The Company's Adjusted FFO guidance is based on a number of assumptions, which are subject to change and many of which are outside the control of the Company. If actual results vary from these assumptions, the Company's expectations may change. While the Company expects the second closing under the purchase agreement with CapitalSource to occur in the second quarter of 2010, the closing is subject to HUD approval of the transfer and the other terms and conditions of the purchase agreement. Accordingly, there can be no assurance as to when the second closing will occur. Without limiting the generality of the foregoing, the completion of acquisitions, divestitures, capital and financing transactions, variations in restricted stock amortization expense, and the factors identified below may cause actual results to vary materially from our current expectations. There can be no assurance that the Company will achieve its projected results.
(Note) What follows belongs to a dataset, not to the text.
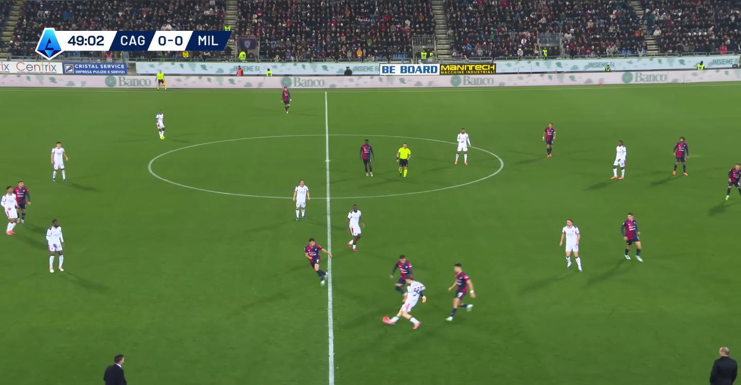 Due delle triangolazioni che, come a Cagliari, hanno permesso al Milan di segnare a difesa schierata. In entrambi a ricevere palla è il vertice del triangolo, mentre il terzo uomo (rispettivamente Bartesaghi, che segnerà, e Tomori, che assisterà Leão) è già pronto alla ricezione in corsa alle spalle del proprio marcatore.

TAX TREATMENT FOR 2009 DIVIDENDS

Preferred D Dividends –The Company has determined that 100% of all dividends on Series D Preferred Stock in 2009 should be treated for tax purposes as an ordinary dividend.

Common Dividends – On February 17, 2009, May 15, 2009, August 17, 2009 and November 16, 2009, the Company paid dividends to its common stockholders in the per share amounts of $0.30, $0.30, $0.30 and $0.30, for stockholders of record on January 30, 2009, April 30, 2009, July 31, 2009 and November 2, 2009, respectively. The Company has determined that 26.24% of the common dividends paid in 2009 should be treated for tax purposes as a return of capital, with the balance of 73.76% treated as an ordinary dividend.

SOURCE Omega Healthcare Investors, Inc.